Bands or no bands, what they did was againest the law and they should have to answer for there deeds. The bands could have been easily slipped off without cutting off the legs. Wanton waste of wild life is a hidious crime and should be punished fully!!!


----------



## king eider (Aug 20, 2009)

Iron Bear said:


> On the youth hunt last year a boy cleaned his ducks and goose for the first time. Then lamented this is all the meat you get from a bird.
> 
> Part of me agrees, a lot of wasted meat there.


In Alaska it's state law that one has to harvest the leg meat on geese. Brant, dark and light geese.

Who cares if they were shooting for bands. All I see is a pile of wasted geese. Some punk needs to be taken out behind the wood shed....


----------



## shaner (Nov 30, 2007)

Dudes,
I am a band hunter and not ashamed to admit it. BUT, I don't waste my birds either.
I put a lot of time and effort in to my methods of hunting.
What is even more awesome than collecting a band is watching the interaction between different families of Canada geese.
For instance, I will have a small family of 'naked' geese in by blocks for an hour or two. I let them get totally comfortable, I do not scare them off. 
When they get fidgety I know other birds are around, they can hear them before a human can.
9 out of ten times the birds on the ground don't make a peep. Geese are very protective and don't want to give up a food/safe area, especially as winter and tough times close in on them.
When the new family lands they usually have a little battle to establish who gets what real estate. It's funny but after a little more time they begin to mingle. This usually all takes place without hardly a honk or two.
It really has been a learning experience to focus my efforts on decoy placement versus the wind and especially blind concealment.
I do all my band hunting with a 20 gauge and have never shot a banded bird on the ground.
I did shoot a goose on the ground last year with my crossbow but it was not banded.
Good luck to you snow goose hunters and I hope all you dark goose hunters have a great summer.


----------



## paddler (Jul 17, 2009)

Looks like all the necks were broken, after having been shot with a shotgun. Sounds like many of my birds.


----------



## Greenhead_Slayer (Oct 16, 2007)

The fact that they used a shotgun and not a smaller rimfire makes me question if it was really for the sole sake of finding a band. If they really wanted to shoot banded birds only they'd use binoculars and find banded ones on the ground then plink them. Just ask Mr. Calder how that theory works.


----------



## blackdog (Sep 11, 2007)

These 9 geese is child's play compared to the nearly 50 uncleaned geese that were found in an Idaho dumpster a few years ago.


----------



## JerryH (Jun 17, 2014)

Greenhead_Slayer said:


> The fact that they used a shotgun and not a smaller rimfire makes me question if it was really for the sole sake of finding a band. If they really wanted to shoot banded birds only they'd use binoculars and find banded ones on the ground then plink them. Just ask Mr. Calder how that theory works.

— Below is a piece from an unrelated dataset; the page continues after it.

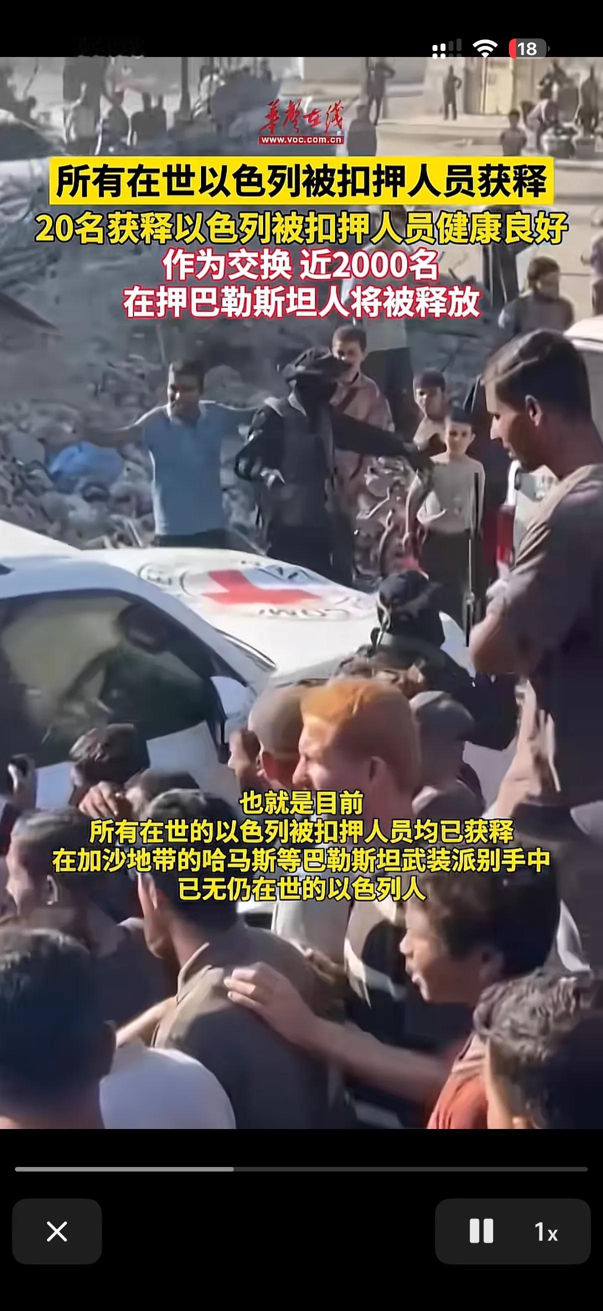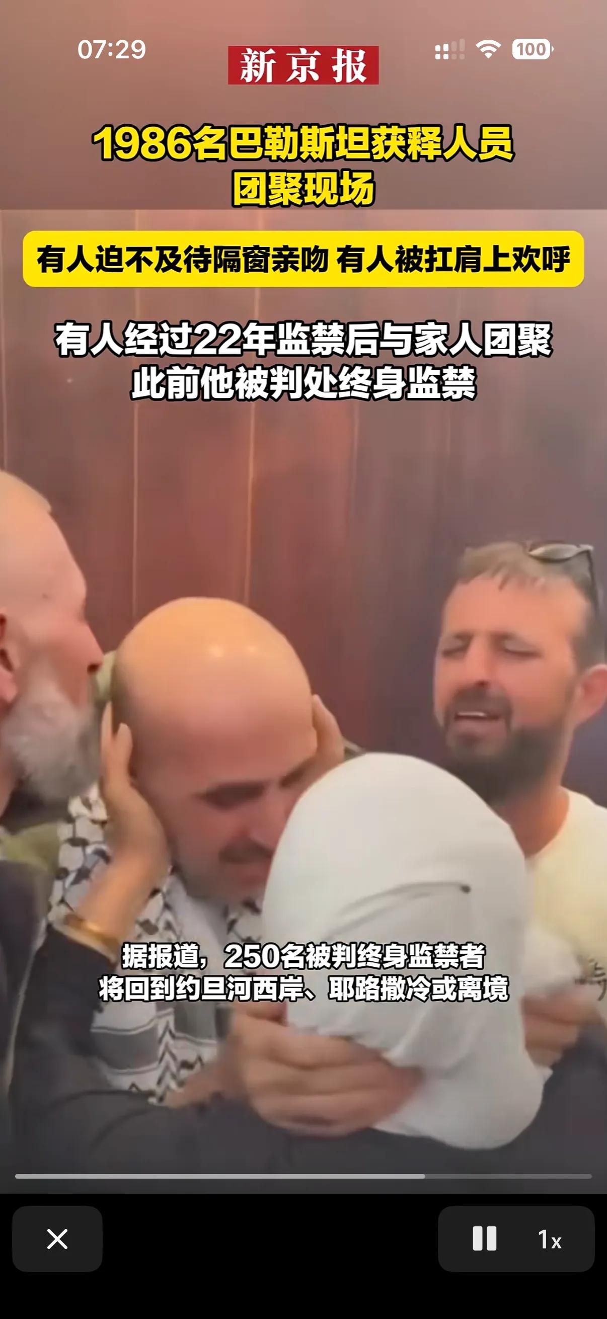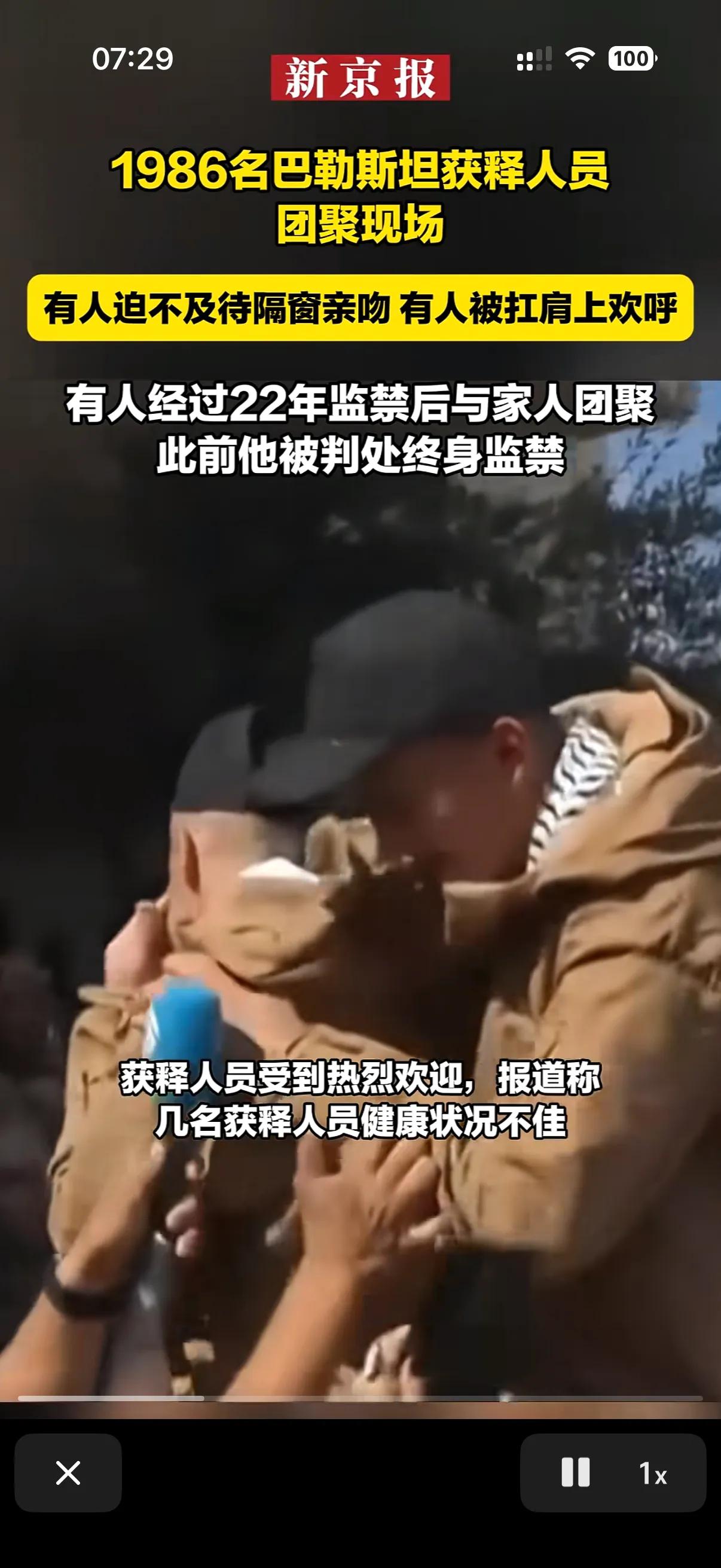 以色列和哈马斯终于开始互相交换人质了! 虽然在发表停火声明后双方都还有小规模冲突,但是加沙这里终于迎来了和平的实质进展,那就是双方开始第一阶段的互相释放对方的扣押人员,哈马斯释放了在押的20名以色列人。 而以色列这面也释放1986名巴勒斯坦国人。这其中还包括了被拘押了22年之久的人。 不得不说最开心的莫过于这些被释放的人的家人了! 接下来还有28名以色列被扣押人员的遗体也会被交还给以色列! 也有些人担心,现在双方手里都没有了对方的人质,那么一旦战争重启,那么以色列和哈马斯是不是就无所顾忌了呢! 也有人说,一旦战争开启,那么无论对方手里有没有彼此的人质,哈马斯也好还是以色列也好都不会为了人质妥协的,毕竟只有战争胜利了才有权利谈一切。 不过不管将来如何,至少目前为止,哈马斯和以色列表现出来的都是努力向和平方面推进!

 Winner Winner Chicken dinner!! Finally a post on this thread that actually makes sense.


----------



## Fowlmouth (Oct 4, 2008)

Greenhead_Slayer said:


> The fact that they used a shotgun and not a smaller rimfire makes me question if it was really for the sole sake of finding a band. If they really wanted to shoot banded birds only they'd use binoculars and find banded ones on the ground then plink them. Just ask Mr. Calder how that theory works.


Makes sense to me. Heck, apparently they don't even need to be banded to get shot with a rifle. I got this goose during the extended hunt last season, and when I pulled it out of the smoker and cut into it this is what my knife hit. Looks like a .17 HMR to me. I'm thinking it went all the way through one goose and then maybe lodged in this goose.


----------



## shaner (Nov 30, 2007)

Fowl,
Those are cool pics of your forensic work, thanks for sharing.


----------



## JuniorPre 360 (Feb 22, 2012)

Greenhead_Slayer said:


> The fact that they used a shotgun and not a smaller rimfire makes me question if it was really for the sole sake of finding a band. If they really wanted to shoot banded birds only they'd use binoculars and find banded ones on the ground then plink them. Just ask Mr. Calder how that theory works.


I remember my buddy telling me about this kid that was going to take him out goose hunting and that he always gets neck collars and bands on every hunt. 3 weeks later I took my buddy hunting and asked how it went. He told me what they did, how they got caught, and that he had a court date for his suspension from hunting and had to also testify against ole' Clint. Little pieces of aluminum and numbered pieces of plastic just aren't worth it. If you want them that bad, eBay has a ton of them. Nobody has to know.


----------